Upregulation of AcrEF in Quinolone Resistance Development in Escherichia coli When AcrAB-TolC Function Is Impaired.

We studied mechanisms of drug resistance development in Escherichia coli strains lacking efflux pump components. E. coli K12 deletion mutants were subjected to increasing concentrations of ciprofloxacin (CIP) to determine the frequency of target gene mutations. We generated a series of mutants that were selected based on their minimum inhibitory concentrations (MICs) to CIP, as well as their corresponding point mutations in target genes. The mutants displayed a number of target modifications and, in particular, gyrA mutations altering codons Ser83Leu, Asp87Gly, and Asp87His as well as a change in parC at 78 (substitution of Gly for Asp). All these mutations were related to drug resistance. When exposed to CIP, mutants lacking efflux pump genes acrA and acrB demonstrated a low level of resistance that was because of point mutations in the target genes.
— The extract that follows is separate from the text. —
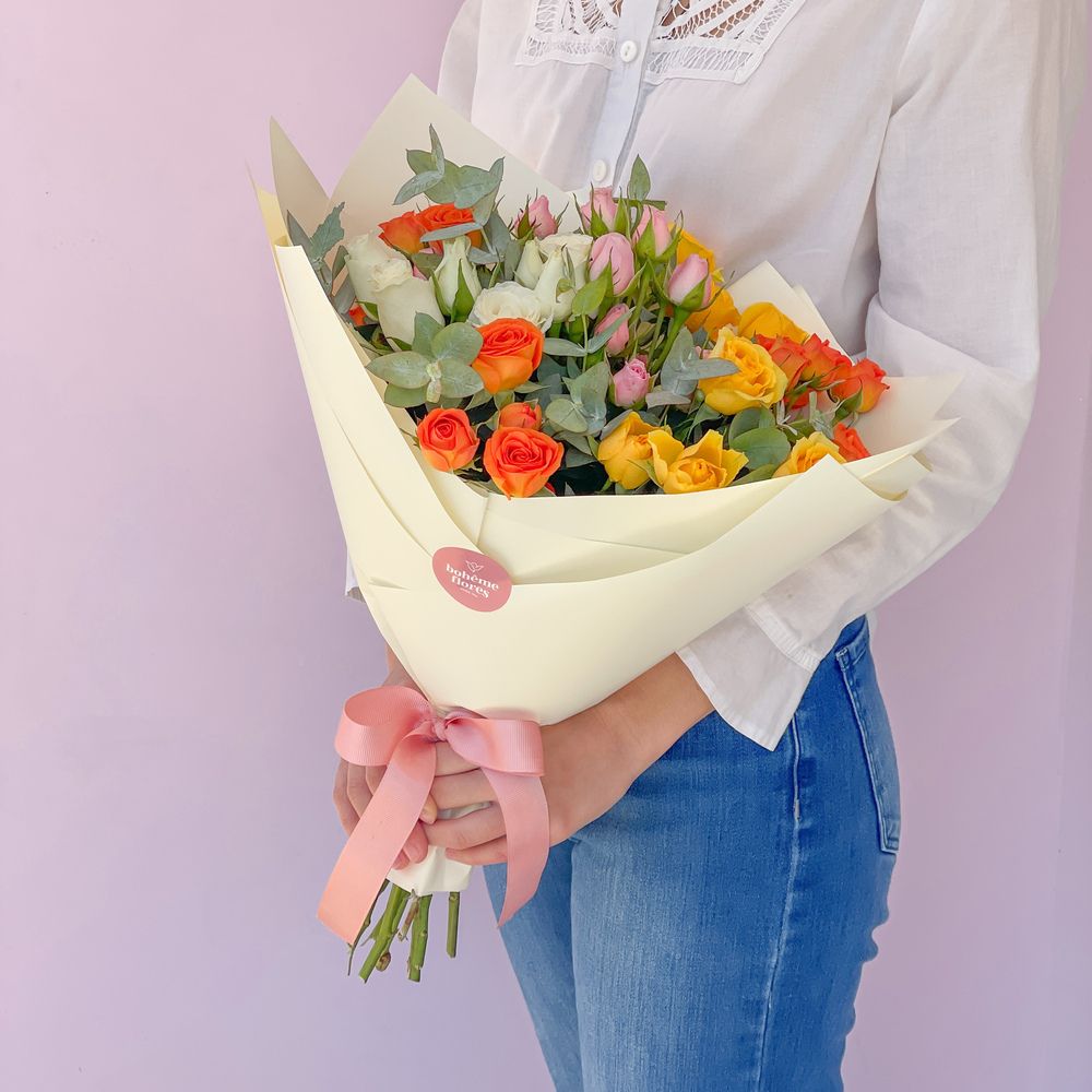 UN RAMO DE MINI ROSAS COLORIDAS.

High-level resistance was achieved with a 100- to 500-fold increase in expression of efflux pump genes acrE and acrF that compensated for the loss of AcrA and AcrB, and thus resulted in an obvious increase of CIP MIC. We demonstrate that an intact AcrAB-TolC efflux pump is crucial to the development of bacterial resistance. Its activity is complemented by expression of the alternative AcrEF efflux pump.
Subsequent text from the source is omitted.